Me again. I commented above on the psychometric technique of Semantic Differential rating scales, which is the primary technique I use in assessing perception because it is easy for participants to use and it differentiates products along multiple dimensions simultaneously. However, I have also used another psychometric technique, which is based upon similarity judgements. It strikes me that this touches upon the issue of AB and ABX testing. I collect similarity data either by having participants in my studies rate the degree of perceived similarity between pairs of items, or with a "triad" method in which items are presented three at a time and the participant selects the one that seems most different. Each triad provides input to three cells of a (dis)similarity matrix. Cells for the two items that weren't chosen as being "different" are coded "0" for minimum dissimilarity and cells for the two pairings involving the "different" item are coded "1" for maximum dissimilarity. I sum the matrices for individual participants and analyze it using Multidimensional Scaling to map all items within a multidimensional perceptual space. 
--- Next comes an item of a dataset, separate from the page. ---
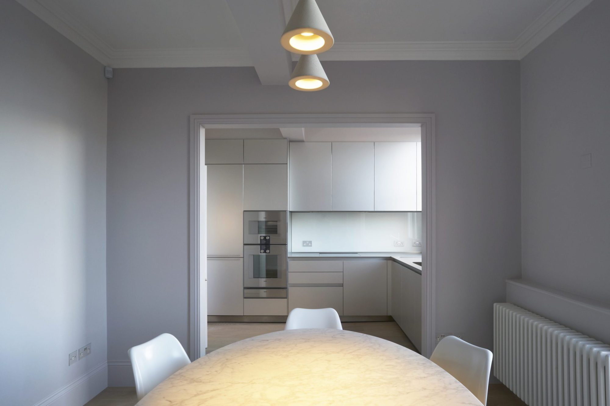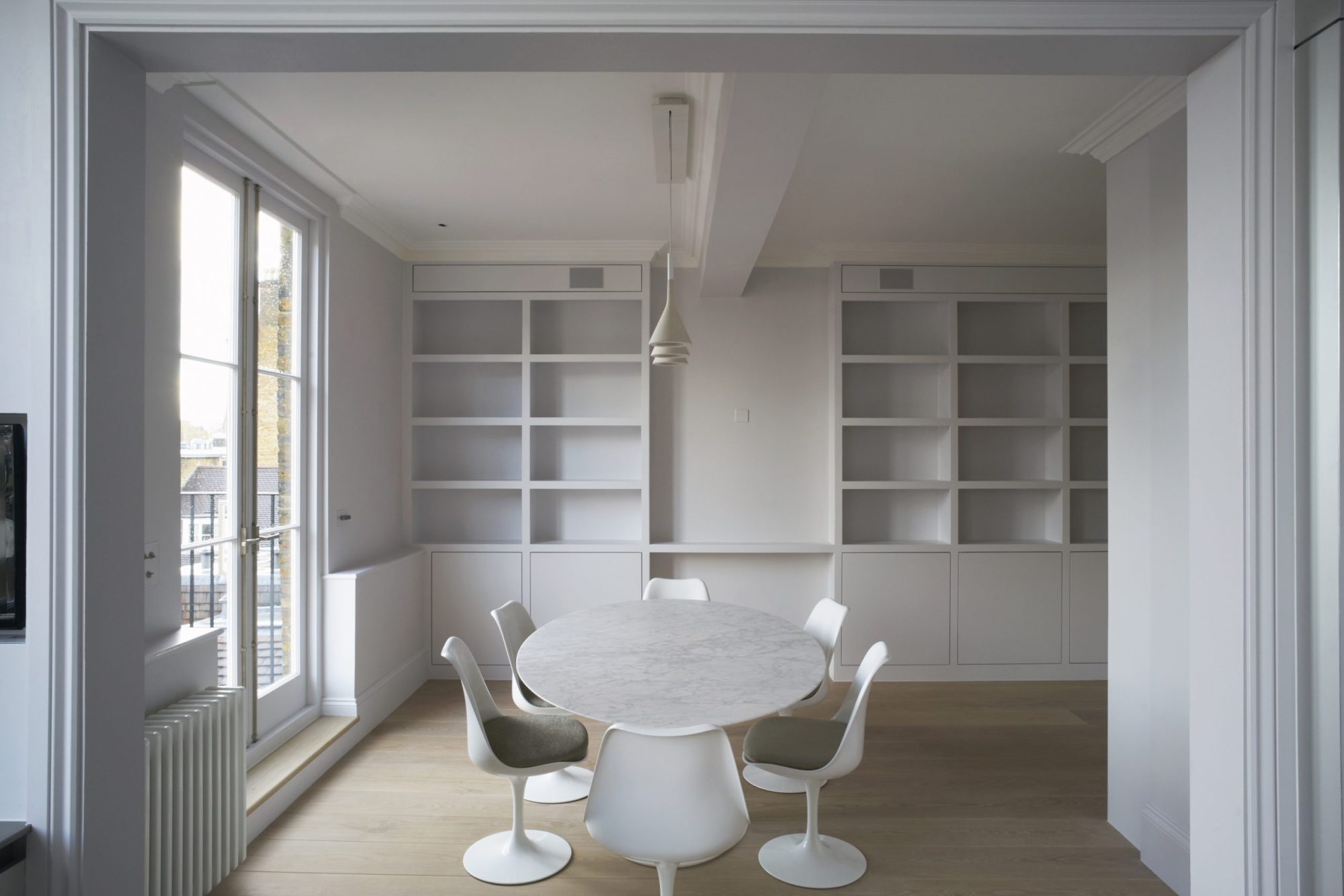 Our project was for the substantial but sensitive updating, upgrading and enhancement of the fabric and amenities of the maisonette and the transformation of the existing layout into an open, contemporary, stripped-back interior that act as a neutral backdrop to our client’s extensive collection of eighteenth century art, books and furniture.

The rating method provides what is essentially a continuous metric for the AB comparison and the triad method provides something that is functionally similar to ABX except with three different items and the question being reversed, i.e., not which two are the same, but which one is most different? The two items remaining after the odd-man-out become the "same" items in ABX.
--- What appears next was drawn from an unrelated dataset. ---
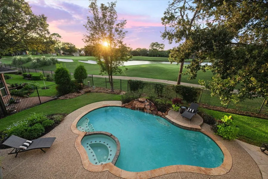 Experience luxury living in this exquisite 5-bedroom, 4.5-bathroom home located in the highly desirable golf course community of Falcon Point Estates! Enjoy a beautiful backyard with stunning views of the fairway and 5th hole. Perfect for entertaining, this home features an upgraded kitchen that opens to the family room with a double-sided fireplace, extending into an extra room perfect for entertaining. French doors leading to the covered patio, pool, and spa. The primary bedroom offers its own fireplace, a cozy sitting area, and a balcony overlooking the pool and golf course. The large primary bath boasts a soaking tub, a separate shower, and double vanities. A fifth bedroom downstairs provides convenience and comfort for your guests. Recently installes laminate hardwood floors and carpet. Fresh paint throughout. Updated kitchen with quartz countertops. Quick access to both 1-10 and 99. KATY ISD exemplary schools!
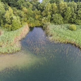 Wasserpflanzen in einem Flachwasserbereich in einem Baggersee

Although many psychometricians assume that the similarity judgments and Semantic Differential ratings produce equivalent results, I find that is usually not the case. In my experience, the Semantic Differentials (using Factor Analysis) differentiate a larger number of independent perceptual dimensions whereas the similarity comparisons (using Multidimensional Scaling) sometimes reveal higher order perceptual qualities that are not easily described with words. Either way, the emphasis is on identifying the number of different ways that things vary. Perception is always multidimensional unless you intentionally restrict the range of variation. Ironically, that is exactly what happens when you compare only two or a small number of items.
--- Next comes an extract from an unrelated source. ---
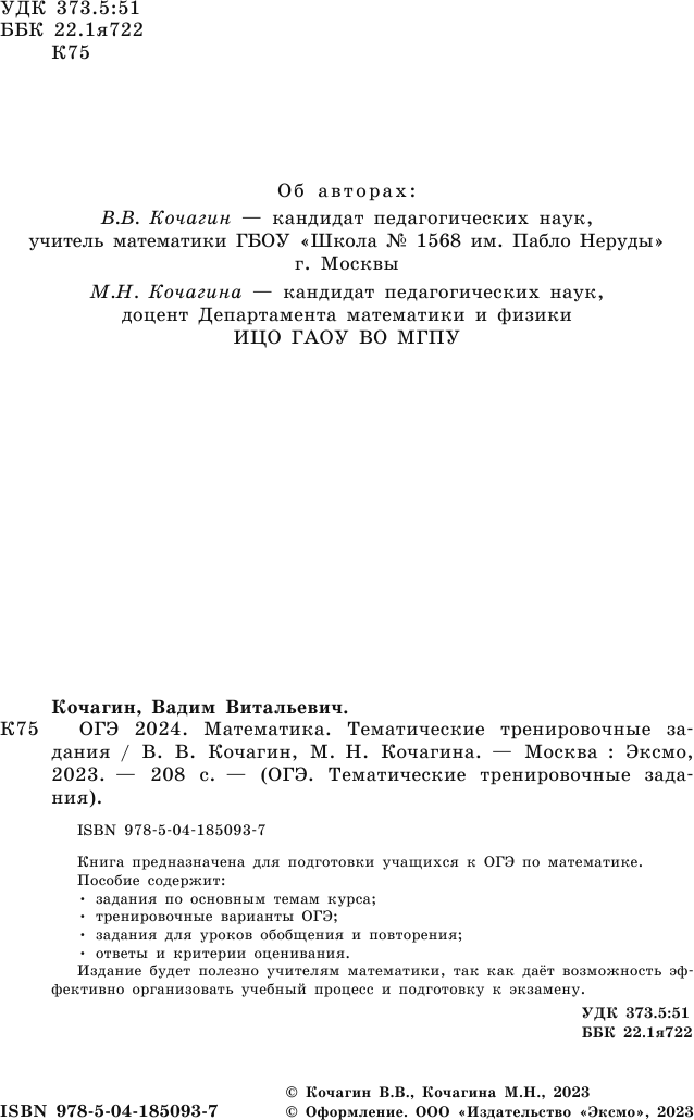 ОГЭ-2024. Математика. Тематические тренировочные задания (Кочагин Вадим Витальевич, Кочагина Мария Николаевна); Эксмо-Пресс, 2023

Well after you buy something what you choose to do is up the the individual and I feel it no more likely with an expensive product than a cheaper one. We see clues of this everywhere on this forum with suggestions that a Magnaplanar or horn speaker is better than the Wilson or other types. I see nothing wrong advertising goals because questioning proper etiquette removes individual responsiblity from the experience. You might say that the person who succumbs to advertising and buys a very expensive speaker was manipulated but I would never presume to know the persons motivation. Nor that they were inspired some dletch2 bias or for any other reason that it sounded better. Why dont some of you admit that there is a huge moral piece to all of this in terms of levels of accepted consumption (see Wilson thread).


Seriously dltech2, you have to come up with something better than cults. You are wasting my time with these stretches. You are the one asking us to join the blind listening cult and telling us that without this method we are being duped. We are not asking you to change anything in your regimen we just propose that it doesnt accomplish what you think in all cases and are not asking you to join our cult. Make no mistake, as per your definition, these are both cults apparently.